═════ DATA EXTRACTS ═════

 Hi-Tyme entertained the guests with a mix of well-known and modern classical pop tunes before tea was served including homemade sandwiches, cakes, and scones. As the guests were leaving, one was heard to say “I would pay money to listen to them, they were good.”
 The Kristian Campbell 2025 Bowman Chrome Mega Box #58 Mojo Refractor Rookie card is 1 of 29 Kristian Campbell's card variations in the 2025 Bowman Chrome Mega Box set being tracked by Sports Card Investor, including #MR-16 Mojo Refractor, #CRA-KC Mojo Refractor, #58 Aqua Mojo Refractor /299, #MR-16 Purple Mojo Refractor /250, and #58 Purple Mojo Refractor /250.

═════
═════ DATA EXTRACTS ═════

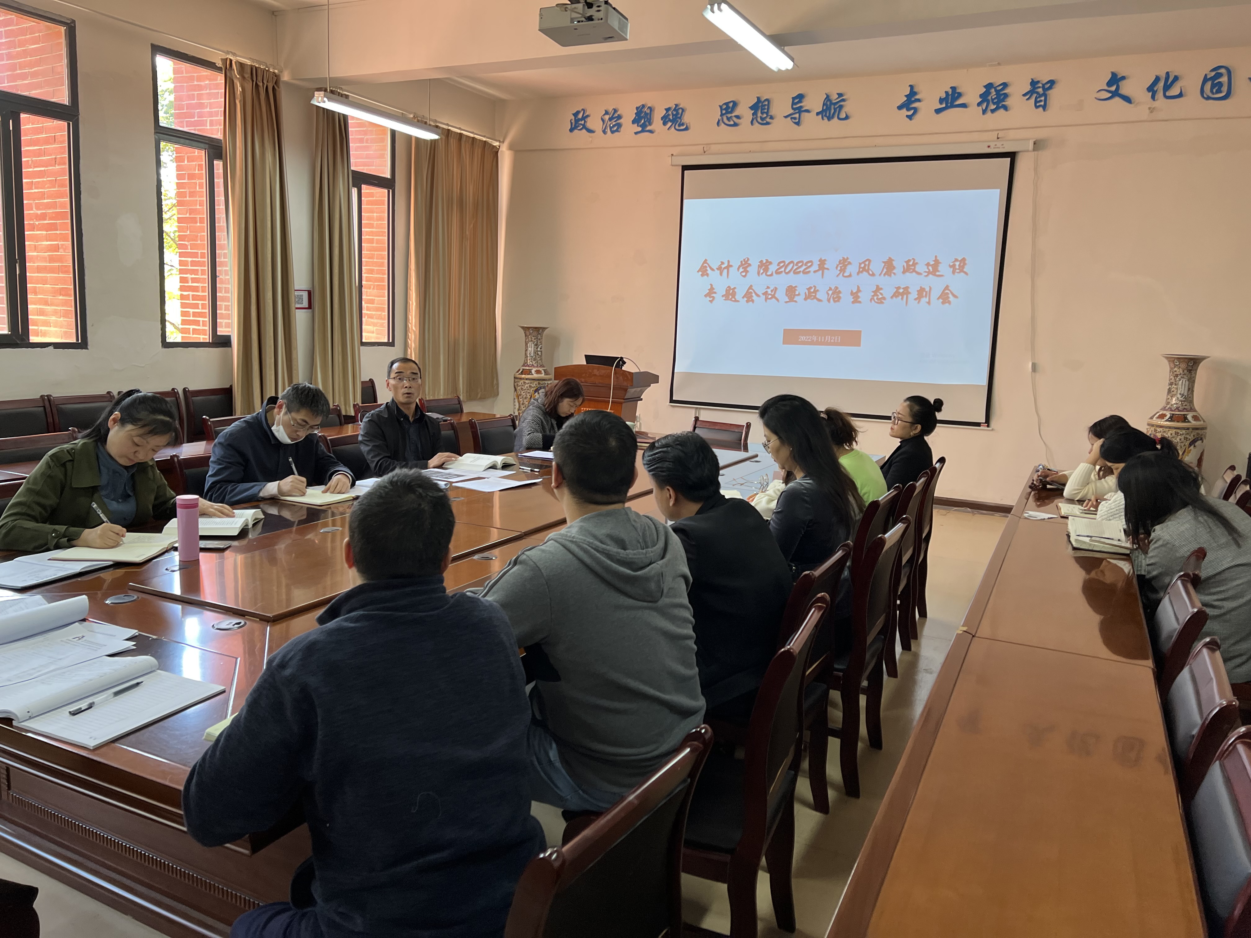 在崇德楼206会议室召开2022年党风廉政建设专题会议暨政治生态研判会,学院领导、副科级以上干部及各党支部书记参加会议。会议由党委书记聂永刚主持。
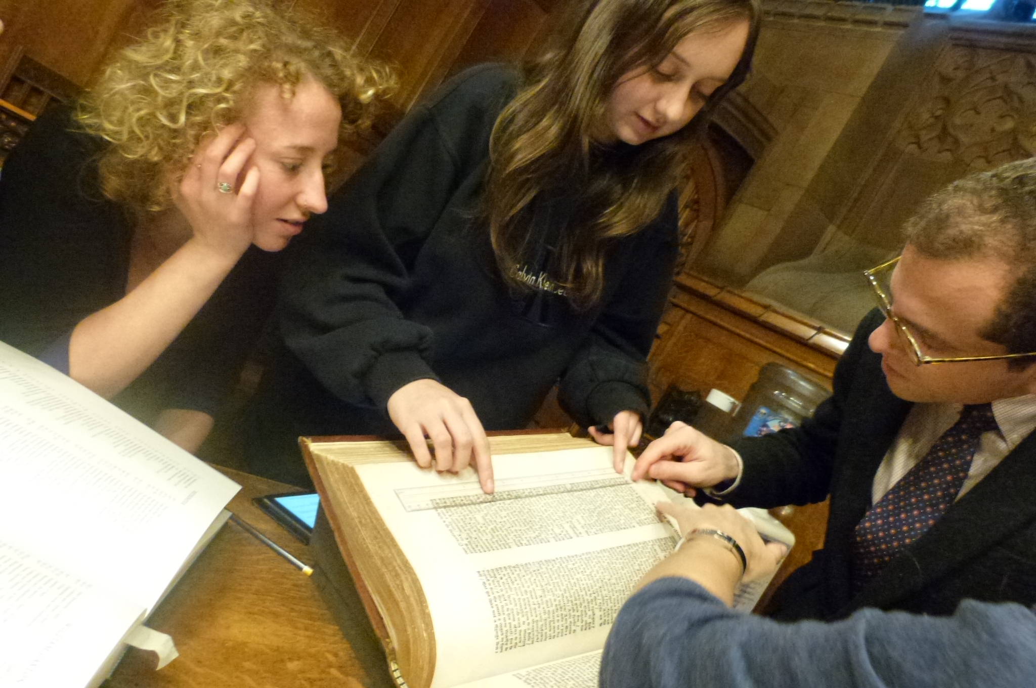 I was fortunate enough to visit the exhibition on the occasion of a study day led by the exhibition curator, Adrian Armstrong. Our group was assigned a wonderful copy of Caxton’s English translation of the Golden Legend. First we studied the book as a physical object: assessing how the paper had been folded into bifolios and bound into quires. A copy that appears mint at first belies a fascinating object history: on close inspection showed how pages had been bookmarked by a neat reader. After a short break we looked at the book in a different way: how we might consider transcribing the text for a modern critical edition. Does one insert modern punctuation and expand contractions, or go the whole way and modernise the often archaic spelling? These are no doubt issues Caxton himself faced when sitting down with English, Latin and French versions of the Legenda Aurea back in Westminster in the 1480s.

═════

Among the entries above, determine how many lines hold the string "including" and report that number alone.

2